Да, все было очень аккуратно, но пахло отчаянием и нищетой, неприкаянностью, сырой одеждой и невыразимой печалью. Шлейф этой печали висел над всем лагерем.
У входной двери каждого барака висели списки названий готическим шрифтом. Я прочитал: «Восточная Пруссия. Земля Мемель. Западная Пруссия. Данциг. Позен. Кенигсберг. Штеттин. Верхняя Силезия. Герцогство Бранденбург. Саксония. Тюрингия. Мекленбург». Под названиями были нарисованы гербы провинций и городов — явно уже давно, так как краски совсем стерлись. На многих бараках были старые и новые названия тех областей, которые после войны отошли Советскому Союзу, Польше или ГДР. Конечно, в них жили в основном дети из Польши или из ГДР, но также и подростки из многих других стран.
Нам все время встречались девочки. Мне показалось, что девочек было больше, чем мальчиков. Или, может быть, мне так только показалось, потому что среди девочек было так много хорошеньких? После войны в мире выросло целое поколение симпатичных девушек. Их можно было встретить даже здесь. Почти все девушки были сдержанны, лишь немногие нам улыбались. Мальчики держались проще.

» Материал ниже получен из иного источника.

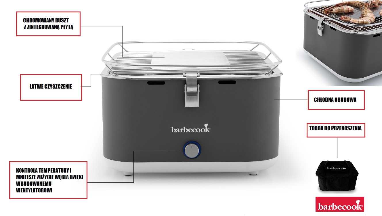 Grill węglowy Carlo Barbecook w nowym wydaniu w kolorze Urban Grey, posiada nowoczesny design oraz jest wyjątkowo praktyczny w użytkowaniu. Dzięki wbudowanemu wentylatorowi możliwa jest dokładna kontrola temperatury oraz osiąganie lepszych rezultatów, przy mniejszej ilości węgla. Konstrukcja grilla sprawia, że mimo wysokich temperatur na ruszcie, obudowa grilla pozostaje chłodna. Dodatkowo podczas grillowania praktycznie nie wydziela się dym, dzięki czemu możemy grillować praktycznie wszędzie.

Здесь была и довольно большая церковь, полностью деревянная, с высокой открытой колокольней на четырех столбах, так что наверху можно было видеть колокола. Внутри было холодно. Берти сфотографировал маленького мальчика, который заснул, молясь на коленях перед алтарем.
Фройляйн Луиза торопливым шагом шла впереди нас и все нам объясняла.
Она объяснила нам технологию экстренного приема и сводила к представителю органа власти по этой процедуре. У него как раз были какой-то чех и переводчик. Такой процесс был долгим и трудным делом, с оформлением целой кучи бумаг. «Но так надо», — объяснила фройляйн. Она сводила нас к представителю бюро по трудоустройству, на станцию дезинсекции и в барак, где все дети сразу по поступлении проходили полное медицинское обследование. Фройляйн отвела нас к представителям Ведомства по охране конституции. Здесь за письменным столом сидели двое мужчин и беседовали с испанцем и греком. Мужчины говорили на этих языках. Как только мы вошли, они замолчали. Эти господа были немногословны. И, кроме того, они не разрешили Берти здесь фотографировать. Во всех других местах было можно, а здесь — нет.
Одного из господ этого ведомства звали Вильгельм Рогге, другого Альберт Кляйн.[19] По крайней мере, так они представились. Кляйн был крупным и толстым, Рогге был худым и в очках с очень толстыми стеклами.
Я понимал по-испански и спросил, не могу ли я участвовать в разговоре с молодым испанцем.
— Нет, — отрезал Рогге. — Исключено.
— Если вы уже огляделись, то мы бы просили вас покинуть кабинет, — сказал Кляйн. — У нас масса работы.
— Послушайте… — начал я.
— Прошу вас, — сказал Кляйн.
С Ведомством по охране конституции ничего не поделаешь. Без прикрытия тут нельзя. Я выразил это вслух. Господа Кляйн и Рогге улыбнулись, вежливо и непринужденно.
Фройляйн Луиза продемонстрировала нам кабинет Каритаса, кабинет Рабочего благотворительного общества и кабинет лагерного психолога. Показала нам два белых барака, в которых жили воспитательницы. Сводила нас в большую кухню общины, где девочки в синих передниках чистили картошку. Повела нас в медицинский барак. Врача в тот момент на месте не было, но мы увидели, что барак был очень хорошо оснащен медицинскими приборами, аппаратурой, медикаментами и располагал помещением, в котором был даже операционный стол. Фройляйн Луиза проводила нас на коммутатор лагеря. Там сидела симпатичная девушка перед древним распределительным шкафом и вставляла штепсели. Ее звали Вера Грюндлих, и я с ней немного пофлиртовал.
Мы хотели поговорить со взрослыми, с детьми и подростками. Фройляйн Луиза привела двух переводчиков, владеющих всеми языками, на которых здесь говорили. Мы попросили детей и молодых людей рассказать, почему они бежали. Причины всегда приводились политические. Диктофон записывал, микрофон я держал в руке.
— Не всегда политические, — шепнула мне фройляйн Луиза. — Довольно часто что-нибудь другое, но им нужно говорить, что по политическим, чтобы в процессе приема их признали политическими беженцами, понимаете?
Потом, примерно через два часа, фройляйн Луиза высказала желание показать нам свой рабочий кабинет. Мы пошли по луговой траве в сторону барака на задах лагеря.